Uno quisiera que esa primera noche no
acabara nunca. En la cama, sin embargo, el sueño nos acuna ya
anhelando la llegada del nuevo día que pasaremos en el centro de
Dakar. El autobús es una furgoneta preparada al efecto que nos deja
en Colobane, cerca de Medina. Dos barrios, sobre todo el más grande
de Medina, que describen cuadrículas perfectas de manzanas
rectangulares y de pocas alturas con los bajos plagados de comercios;
surcadas por calles perpendiculares, sin grandes avenidas que dejen
ver en el horizonte los grandes edificios públicos que caracterizan
a toda capital, a las africanas también. Ahí, en medio de ningún
lugar conocido, con la única perspectiva de una calle igual a todas
las demás, el viajero oscila entre la llamada de la ciudad y el
deseo de no perder la referencia de la estación, mientras cabila
sobre si todos los barrios serán así y alguno de esos edificios de
dos o tres alturas no albergará la sede del gobierno. Cada vez es
más evidente la necesidad de información sobre el país: ¿qué
hacer?, ¿a dónde ir?, algunos planos, y mapas.

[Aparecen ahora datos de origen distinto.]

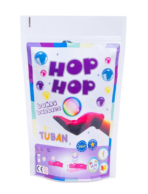HOP HOP i magia się zaczyna. TUBAN, jako specjalista w z dziedziny baniek, opracował zestaw, który umożliwia czarowanie bez znajomości magii. Wszystkie bańki pękają bezpowrotnie, czy aby na pewno... Nasz HOP HOP wydłuża bańkowe czary – teraz możesz złapać bańkę do ręki, obrócić ją, zgnieść, zakręcić, podpić a nawet nią żonglować. Wspaniałe – nieprawdaż? Wszystko dzięki magicznej rękawiczce oraz niezbędnym TUBANowym akcesoriom.

Cuando uno llega a Dakar pasa a formar
parte de la ingente cantidad de turistas que lo han precedido y en
torno a los que se ha creado un ecosistema que funciona. En Senegal
uno no busca, es encontrado por un sinfín de hombres gancho curtidos
por la experiencia, que saben mejor que el viajero lo que este
necesita. Son gente extremadamente simpática que reclama la atención
desde las tiendas en un perfecto francés o que, con una estrategia
más elaborada, se une al paseante en una conversación
intrascendente hasta que, sin saber cómo, ambos se encuentran dentro
de un comercio. Las compras que se hagan allí, contando con el
regateo pertinente, están gravadas con la comisión del gancho. Este
molesto spam callejero tiene su utilidad, no obstante. Gracias
a ellos es posible encontrar dentro del caos circundante cualquier
artículo necesario: en este caso un libro guía del país. Se le
puede pedir al primero que se acerque. Independientemente de su
dedicación, están organizados en una flexible malla de relaciones
que pronto da con el especialista. En un proceso transparente para el
viajero la comisión aumenta en proporción al número de
intermediarios que intervienen. El abordaje no siempre será tan
burdo. Casi en cualquier lugar alguien ofrecerá conversación al
visitante por el mero placer de hablar, deslizando sutilmente una
oferta de alojamiento o un viaje barato jugando la carta de la
simpatía. Depende de cada uno valorar la conveniencia de las
proposiciones. El único consejo que me atrevo a dar es no pagar nada
por adelantado.
Pretender, por otro lado, que se conoce
el carácter de los senegaleses a partir del trato con personas que
viven del turismo es un error sustancial. El extranjero de paso en el
país no debe olvidar que frecuenta lugares en los que todo gira a su
alrededor, igual que en la Alhambra de Granada o el museo del Prado.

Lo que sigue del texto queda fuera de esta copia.